Seaway: And Their Amazing Technicolour Pop-Punk
After building up a solid reputation as one of the hotter commodities of Canadian pop-punk, these no-frills northerners Seaway are taking their sound global on an impressive new album. BLUNT spoke with frontman Ryan Locke about going Colour Blind and working with one of the band’s biggest influences.
Were Drake to run a little further out of the 6 – with his woes in tow, of course – there’s a good chance he might come across Seaway. The Oakville quintet have slowly but surely built up a name for themselves over the past few years as ones to watch in the realm of pop-punk thanks to a solid touring schedule and a stylistic blend of a ’90s sugar-rush and 2010s realist grit. Their second LP, Colour Blind, is a further development of the band’s sound; it adds a further texture and a wider array of dynamics to an already sharp and assured sound. It can be traced back – at least in some ways – to the band’s choice of producers, going with Four Year Strong’s Alan Day and Brighter Brightest’s Derek Hoffman to work the boards.
“That was a pretty cool experience for us,” says Ryan Locke, the band’s lead vocalist. “Everything else that we’ve recorded up to this point has been done in a basement studio with a good friend of ours. There were no hard feelings in deciding to work with other people – we still love him, and he’s always been so easy to work with. This time, though, we wanted to pick it up a little bit. It just so happened that Alan was getting into production around the time that we were touring with Four Year Strong and thinking about who we wanted to work with on the album. He approached us when he found out and told us that he’d love to work with us, so we just took it from there.”

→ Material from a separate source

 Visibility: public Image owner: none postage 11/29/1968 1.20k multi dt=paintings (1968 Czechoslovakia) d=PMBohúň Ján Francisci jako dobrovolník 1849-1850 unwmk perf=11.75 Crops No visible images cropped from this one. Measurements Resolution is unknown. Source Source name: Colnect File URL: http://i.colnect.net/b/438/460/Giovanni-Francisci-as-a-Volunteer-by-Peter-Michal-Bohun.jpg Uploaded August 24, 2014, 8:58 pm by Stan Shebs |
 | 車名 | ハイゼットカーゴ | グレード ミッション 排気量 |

Colour Blind follows on from the band’s debut LP, 2013’s Hoser, and marks a considerable step-up for Seaway both sonically and stylistically. Although Locke jokes about his limited lyrical themes (“It’s a record about growing pains… and girls… and growing up… and… girls…”), his bandmates have certainly not slouched in the creative process. Although it dragged on for a little longer than perhaps they could have anticipated, the final destination proved to be well worth the journey.

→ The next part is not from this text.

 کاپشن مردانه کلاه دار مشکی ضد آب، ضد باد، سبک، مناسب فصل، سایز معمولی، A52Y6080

“It would have been last winter when we started getting the ball rolling,” says Locke in regards to how far back writing for Colour Blind began. “Generally, a song begins with Andrew [Eichinger] and Patrick [Carleton], our guitar players. They’re the ones who tend to come to the band with new ideas and jam them out with the rest of the guys. We only had a few ideas here and there, though, as we were on the road pretty heavily throughout last year. We’d worked out a bit of it while writing on the road, but we decided that we needed one month at home, jamming every single day until we had something tangible. We had that, another month of touring and then a month in the studio. This record kind of comes from a few different places in that regard, going from stuff that we put together on the road all the way up to stuff that was sorted and finalised while we were recording. It was kind of different to how we do things normally, but it ended up being really fun.”

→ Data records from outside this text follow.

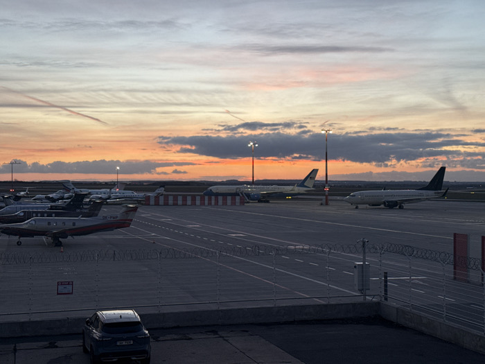 - "The image depicts an airport apron at either sunset or sunrise, characterized by a vibrant orange and pink horizon transitioning to a darker grey-blue sky, marked by faint contrails and scattered clouds" by FM-toXsi1, licensed under CC BY 4.0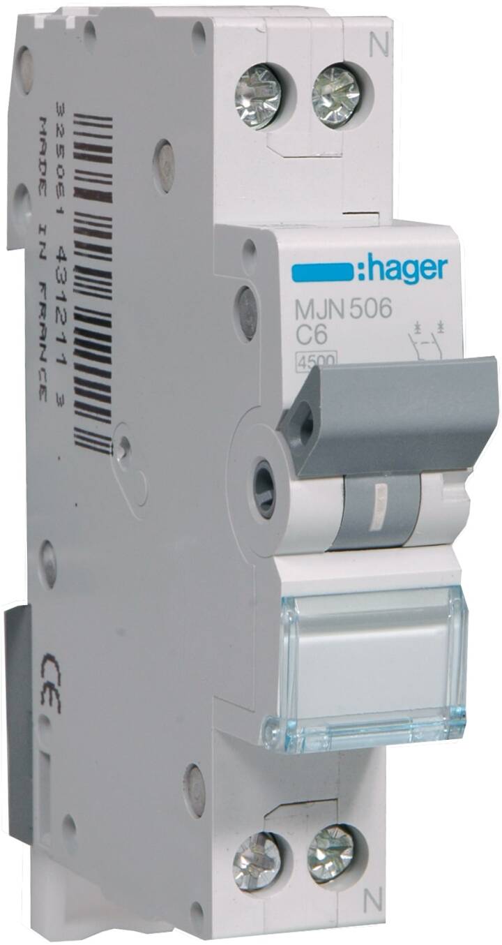 HAGER AUTOMAAT MJN506 C6 1P+N 1MOD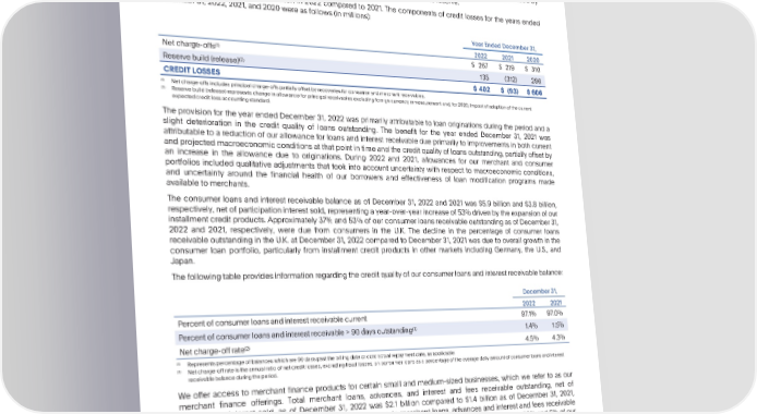 PARTII Item7. ManagementsDiscussionandAnalysisofFinancialConditionandResultsofOperations related to our Venmo products and services resulting from fraud schemes, an increase in goods and services transactions which are now eligible for coverage by our protection programs, and a loss related to a merchant insolvency proceeding, which was offset by recoveries attributable to enhancements in our fraud recoupment capabilities and benefits from continued risk mitigation strategies. In the second quarter of 2022, we recorded a $114 million estimated loss related to the above mentioned merchant insolvency proceeding, and in the fourth quarter of 2022, this estimated loss was reduced by approximately$75milliontoaccountforrecoveriesandchangesinourestimatedlossreserve. Credit losses increased by $495 million in 2022 compared to 2021. The components of credit losses for the years ended December31,2022,2021,and2020wereasfollows(inmillions): YearEndedDecember31, 2022 2021 2020 (1) Netcharge-offs $ 267 $ 219 $ 310 (2) Reservebuild(release) 135 (312) 296 CREDITLOSSES $ 402 $ (93) $606 (1) Netcharge-offsincludesprincipalcharge-offspartiallyoffset by recoveriesfor consumerandmerchantreceivables. (2) Reservebuild(release)representschangeinallowanceforprincipalreceivablesexcludingforeigncurrencyremeasurementand,for2020,impactofadoptionofthecurrent expectedcreditlossaccountingstandard. The provision for the year ended December 31, 2022 was primarily attributable to loan originations during the period and a slight deterioration in the credit quality of loans outstanding. The benefit for the year ended December 31, 2021 was attributable to a reduction of our allowance for loans and interest receivable due primarily to improvements in both current andprojectedmacroeconomicconditionsatthatpointintimeandthecreditqualityofloansoutstanding,partiallyoffsetby an increase in the allowance due to originations. During 2022 and 2021, allowances for our merchant and consumer portfolios included qualitative adjustments that took into account uncertainty with respect to macroeconomic conditions, and uncertainty around the financial health of our borrowers and effectiveness of loan modification programs made available to merchants. The consumer loans and interest receivable balance as of December 31, 2022 and 2021 was $5.9 billion and $3.8 billion, respectively,net of participation interest sold, representing a year-over-year increase of 53% driven by the expansion of our installment credit products. Approximately 37% and 53% of our consumer loans receivableoutstandingas of December31, 2022 and 2021, respectively, were due from consumers in the U.K. The decline in the percentage of consumer loans receivable outstanding in the U.K. at December 31, 2022 compared to December 31, 2021 was due to overall growth in the consumer loan portfolio, particularly from installment credit products in other markets including Germany, the U.S., and Japan. Thefollowingtableprovidesinformationregardingthecreditqualityofourconsumerloansandinterestreceivablebalance: December31, 2022 2021 Percentofconsumerloansandinterestreceivablecurrent 97.1% 97.0% (1) Percentofconsumerloansandinterestreceivable>90daysoutstanding 1.4% 1.5% (2) Netcharge-offrate 4.5% 4.3% (1) Representspercentageofbalanceswhichare90dayspastthebillingdateorcontractualrepaymentdate,asapplicable. (2) Netcharge-offrateistheannualratioofnetcreditlosses,excludingfraudlosses,onconsumerloansasapercentageoftheaveragedailyamountofconsumerloansandinterest receivablebalanceduringtheperiod. Weoffer access to merchant finance products for certain small and medium-sized businesses, which we refer to as our merchant finance offerings. Total merchant loans, advances, and interest and fees receivable outstanding, net of participation interest sold, as of December 31, 2022 was $2.1 billion compared to $1.4 billion as of December 31, 2021, representing a year-over-year increase of 48%. The increase in merchant loans, advances and interest and fees receivable outstandingwasdueprimarilytogrowthinourPayPalBusinessLoanproductsintheU.S.Approximately86%and5%ofour merchantreceivablesoutstanding as of December 31, 2022 were due from merchants in the U.S. and U.K., as compared to approximately82%and8%asofDecember31,2021,respectively. 38 •2022AnnualReport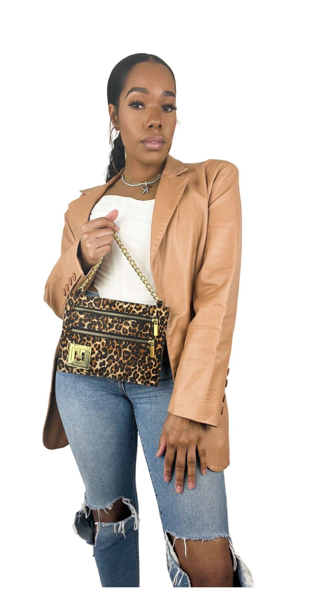 For starters, my name is Jessica, not Laura….but if you call me Laura it’s ok haha. I’ve always had love for fashion but I never actually considered that being a designer would be my profession. Even introducing myself now as a designer is a bit weird for me- especially because personal styling was my sole lane for a really long time. But I’m happy to be where I am now. I am a fashion designer specializing in leather and vegan leather handbags, to start. During Covid, I took the time to completely restructure the Laura Faye brand. I stared with changing the logo, and the overall look and feel of the entire brand. Then I created an original design exclusive to Laura Faye called “The Mini Clutch”, which I’m so proud of. This bag is unlike anything else you’ve seen and it definitely sets the Laura Faye brand apart from others. It was originally intended to be a handheld clutch, but of course sometimes women just want to be hands free! So, a few months ago I began offering a crossbody version and I’m so glad I did. This bag I make myself, but we also now have a manufacturing company for out other designs, so we’ve experienced quite a bit of growth within the last year.

As we speak, the band are making their way across North America in support of Colour Blind. Although they try and pull from as many of their releases as they can, it’s no secret to anyone that they are particularly excited about playing songs from their brand new album – so much so, that the songs began creeping into setlists even before the record was due out. Locke confirms that, while it took a bit of getting used to for fans, each night the band plays Colour Blind songs they see gradual, noticeable improvement – both in terms of the band’s playing and the crowd’s response.
“The reaction’s been pretty great so far,” he says. “Even the week before the record came out, we were really wanting to play these new songs. It was kind of mixed when we first started doing them, but night after night we saw more and more kids getting into it. By the time the album came out, people were getting just as into it as we’d hoped. It’s early days, but it can only get better from here.”
Colour Blind is out now through Pure Noise/Sony.